Indisputably, a district court can transform a motion for dismissal under Federal Rule 12(b)(6) into one for summary judgment when "matters outside the pleading are presented to and not excluded by the court. . . ." Fed.R.Civ.P. 12(b)(6). See also R.J.R. Services, Inc. v. Aetna Casualty and Surety Co., 895 F.2d 279, 281 (7th Cir. 1989). Capitol's argument notwithstanding, the Federal Rules of Civil Procedure contain no analogous recognition that a 12(b)(1) motion can evolve into dismissal pursuant to Rule 56. Crawford v. United States, 796 F.2d 924, 928 (7th Cir. 1986) ("The omission from the Federal Rules of Civil Procedure of a provision for converting a Rule 12(b)(1) motion into a summary judgment motion if evidence is submitted with it was not an oversight."). Whereas a grant of summary judgment is a decision on the merits, see Winslow v. Walters, 815 F.2d 1114, 1116 (7th Cir. 1987), a court must dismiss the case without ever reaching the merits if it concludes that it has no jurisdiction. Shockley v. Jones, 823 F.2d 1068, 1070 n. 1 (7th Cir. 1987). In short, the question of jurisdiction is inappropriate for summary judgment, and discussing the interplay of Rule 12(b)(1) and Rule 56 verges on non sequitur. Winslow, 815 F.2d at 1116. See generally Exchange National Bank v. Touche Ross Co., 544 F.2d 1126, 1130-31 (2d Cir. 1976) (discussing relationship between Rules 12(b)(1) and 56). The FDIC did not request summary judgment. Nor could the district court have transformed the motion to dismiss into one for summary judgment.
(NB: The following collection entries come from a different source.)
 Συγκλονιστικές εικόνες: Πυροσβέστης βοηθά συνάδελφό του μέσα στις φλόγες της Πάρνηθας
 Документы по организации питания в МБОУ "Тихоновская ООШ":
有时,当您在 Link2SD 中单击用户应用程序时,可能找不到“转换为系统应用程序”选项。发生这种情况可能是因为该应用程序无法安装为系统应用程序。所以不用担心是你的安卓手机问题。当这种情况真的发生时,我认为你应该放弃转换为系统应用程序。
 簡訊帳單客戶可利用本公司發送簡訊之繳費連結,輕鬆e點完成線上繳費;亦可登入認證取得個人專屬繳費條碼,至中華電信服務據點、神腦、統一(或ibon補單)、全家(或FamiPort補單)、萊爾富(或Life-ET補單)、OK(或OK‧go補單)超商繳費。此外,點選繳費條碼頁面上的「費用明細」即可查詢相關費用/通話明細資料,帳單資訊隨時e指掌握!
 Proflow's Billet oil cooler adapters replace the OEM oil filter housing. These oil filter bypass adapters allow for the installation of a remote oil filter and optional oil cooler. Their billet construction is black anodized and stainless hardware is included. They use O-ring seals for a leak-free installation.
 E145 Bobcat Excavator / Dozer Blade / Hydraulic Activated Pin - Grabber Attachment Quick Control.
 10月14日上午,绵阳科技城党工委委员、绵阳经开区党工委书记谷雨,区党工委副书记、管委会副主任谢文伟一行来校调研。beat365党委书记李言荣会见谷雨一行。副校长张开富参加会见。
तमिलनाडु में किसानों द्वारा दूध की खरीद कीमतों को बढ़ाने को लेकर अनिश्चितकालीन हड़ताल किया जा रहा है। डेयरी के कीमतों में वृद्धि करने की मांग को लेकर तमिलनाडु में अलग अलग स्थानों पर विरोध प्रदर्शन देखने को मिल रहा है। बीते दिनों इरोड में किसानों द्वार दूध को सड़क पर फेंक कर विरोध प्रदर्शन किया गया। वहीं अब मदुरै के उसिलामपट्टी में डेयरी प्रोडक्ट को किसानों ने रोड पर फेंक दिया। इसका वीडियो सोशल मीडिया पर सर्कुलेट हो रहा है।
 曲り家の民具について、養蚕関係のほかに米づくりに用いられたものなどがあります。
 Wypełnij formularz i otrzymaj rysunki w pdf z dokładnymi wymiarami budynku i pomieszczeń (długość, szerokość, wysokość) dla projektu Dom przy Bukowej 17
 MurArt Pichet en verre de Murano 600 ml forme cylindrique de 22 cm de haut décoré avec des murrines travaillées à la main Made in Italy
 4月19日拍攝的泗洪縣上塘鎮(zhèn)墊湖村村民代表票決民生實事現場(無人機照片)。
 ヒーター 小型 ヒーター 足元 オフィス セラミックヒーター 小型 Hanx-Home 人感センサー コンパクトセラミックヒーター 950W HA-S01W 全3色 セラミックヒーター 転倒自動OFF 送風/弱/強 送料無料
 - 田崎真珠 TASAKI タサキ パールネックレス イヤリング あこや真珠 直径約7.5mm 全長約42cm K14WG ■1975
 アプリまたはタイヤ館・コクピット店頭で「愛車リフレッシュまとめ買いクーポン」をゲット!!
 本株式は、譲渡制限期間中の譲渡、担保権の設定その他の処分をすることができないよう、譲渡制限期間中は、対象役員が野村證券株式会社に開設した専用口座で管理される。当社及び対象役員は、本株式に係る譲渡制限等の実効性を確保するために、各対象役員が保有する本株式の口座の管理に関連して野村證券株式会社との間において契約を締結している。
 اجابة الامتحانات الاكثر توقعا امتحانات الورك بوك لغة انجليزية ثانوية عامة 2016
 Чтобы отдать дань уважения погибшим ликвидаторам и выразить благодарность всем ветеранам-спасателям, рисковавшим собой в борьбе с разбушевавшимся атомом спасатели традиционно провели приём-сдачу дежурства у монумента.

Even if the district court did consider affidavits and other documentary evidence in granting the FDIC's motion, it did as it should have. "The district court may properly look beyond the jurisdictional allegations of the complaint and view whatever evidence has been submitted on the issue to determine whether in fact subject matter jurisdiction exists." Grafon Corp. v. Hausermann, 602 F.2d 781, 783 (7th Cir. 1979). See also McNutt v. General Motors Acceptance Corp., 298 U.S. 178, 189, 56 S.Ct. 780, 785, 80 L.Ed. 1135 (1936); Rennie v. Garrett, 896 F.2d 1057, 1057-58 (7th Cir. 1990). That aside, whether the FDIC sent proper notice of disallowance to Capitol bears little relevance to the question of jurisdiction. Capitol belabors the point that it never received the FDIC's letter of December 17, 1991. But, as the discussion below suggests, the statute of limitations in § 1821(d)(6)(A) provides that a claimant need not ever await a decision from the FDIC before it may initiate — indeed, before it must initiate — further agency review or judicial determination of a claim.

C

Capitol argues that it should not be bound by the statute of limitations provided for in 12 U.S.C. § 1821(d)(6)(A) because it never received word from the FDIC about disallowance of its claim. Whether the FDIC ever sent Capitol a proper notice of disallowance or whether Capitol ever received it is besides the point. The receiver's failure to notify potential claimants about their claims does not waive the statute of limitations set forth in § 1821(d)(6)(A).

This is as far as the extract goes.